It was the 8th of March yesterday and for the very first time since long, there was no 8th of March gathering to go to. Unsettling. Can’t think of a greater contrast with last year, when i had to decide whether to be in Belgium or in Istanbul for the 8th, and ended up being around for the preparations of Istanbul, and flying in to do 8th of March stuff in Leuven and Antwerpen. Can’t help thinking of the Belgian Women’s Day (11th of November) two years ago when MarÃa and i decided to take a break and not go (imagine, being able to make the decision not to go, yet another possibility in places where Women’s Day means something) where we got into the dream of coming to this place, and how disconnected i feel from that dream now.
But it ended up being sweet – Berna and Feza invited us to go to the screening of Darwin’s Nightmare with film-maker Hubert Sauper in the grand Del Mar cinema theater. Hubert just got back from the Academy Awards where those stupid penguins (of course the animals are not stupid, it’s the film) won instead of the fish. An impressive film about globalization, its big structural mechanism and its little agents who most often know well what they are doing, what is happening to them, but see little alternative. The images are still running around in my head, a film to be seen and digested slowly. Maybe i’ll write something more about it later.
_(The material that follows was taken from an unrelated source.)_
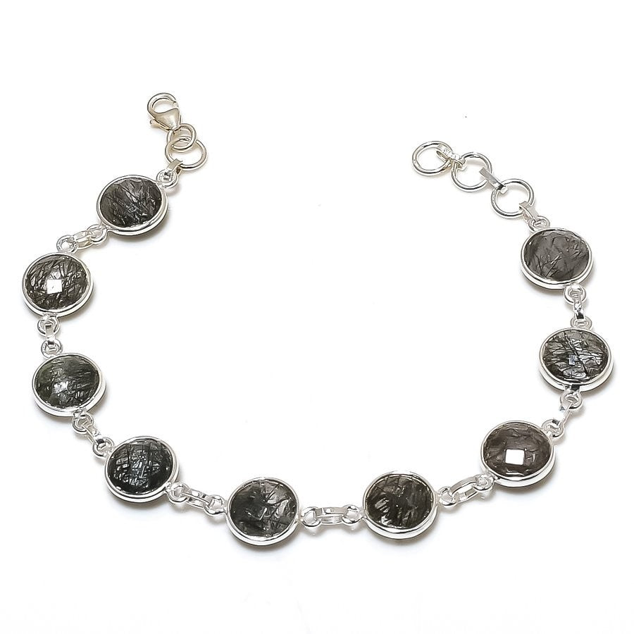 Elegant Natural Black Rutile 925 Silver Anniversary Mother i

There was a march on the 7th, Marcha Laboral – Custodians March for Justice. It was on campus at 6.30 pm, so custodians could join and we could we could march to the residence of the Chancellor, Denise Denton, to demand that the custodians’ wages are raised at least to the level of those in neighboring colleges (Cabrillo, Monterey) now – and then later we can go on to discuss living wages. There is no excuse, the financial scandals (of excessive spending on top wages) the university got itself involved makes it quite indecent not to do so. One custodian was talking about how she works on this campus since 15 years and earns only $ 4 more than when she started. And then everybody is hit by the high PG&E bills this winter – raising the wages now would amount to nothing more than very basic dignity.
Try to imagine how such a march looks like. A dark cold forest, for that is how campus looks like after 6 pm these days. There were more of us than last time, we were perhaps 80 (and yes, there are hundreds of students living in well-hidden residences all over campus, but most of them don’t come out for a march, that is how campus looks like these days). So there we marched through a dark cold forest, holding candles to light our way. And chanting for ourselves and for the ancient forest. El pueblo unido jamás será vencido never sounded more ghostly, and it so much more resembled some spiritual ritual instead of a political mobilization.
A great need to get my head around the difficulties (to think well, to write something that could make a difference, to do politics) and traps of campuses like these, and i take look at what Chris called the idiotic (and i think i agree) book of Baudrillard on America. Sadly enough his observation on the UCSC campus is not so far off:
“There is a science-fiction story in which a number of very rich people wake up one morning in their luxury villas in the mountains to find that they are encircled by a transparent and insuperable obstancle, a wall of glass that has appeared in the night. From the depths of their vitrified luxury, they can still just discern the outside world, the real universe from which they are cut off, which has suddenly become the ideal world. But it is too late. These rich people will die slowly in their aquarium like goldfish. Some of the university campuses here remind me of this.
Lost among the pine trees, the fields, and the riviers (it is an old ranch that was donated to the university), and made up of little blocks, each one out of sight of the others, like the people who live in them: this one is Santa Cruz. It’s a bit like the Bermuda Triangle (or Santa Barbara). Everything vanishes. Everthing gets sucked in. Total decentring, total community. After the ideal city of the future, the ideal cosy nook. Nothing converges on a single point, neither the traffic, nor the architecture, nor authority. But, by that very token, it also becomes impossible to hold a demonstation: where could you assembly? Demonstrations can only go round and round in the forest, where the participants alone can see them. Of all the Californian campuses, famous for their spaciousness and charm, this is the most idealized, the most naturalized. It is the epitome of all that is beautiful.”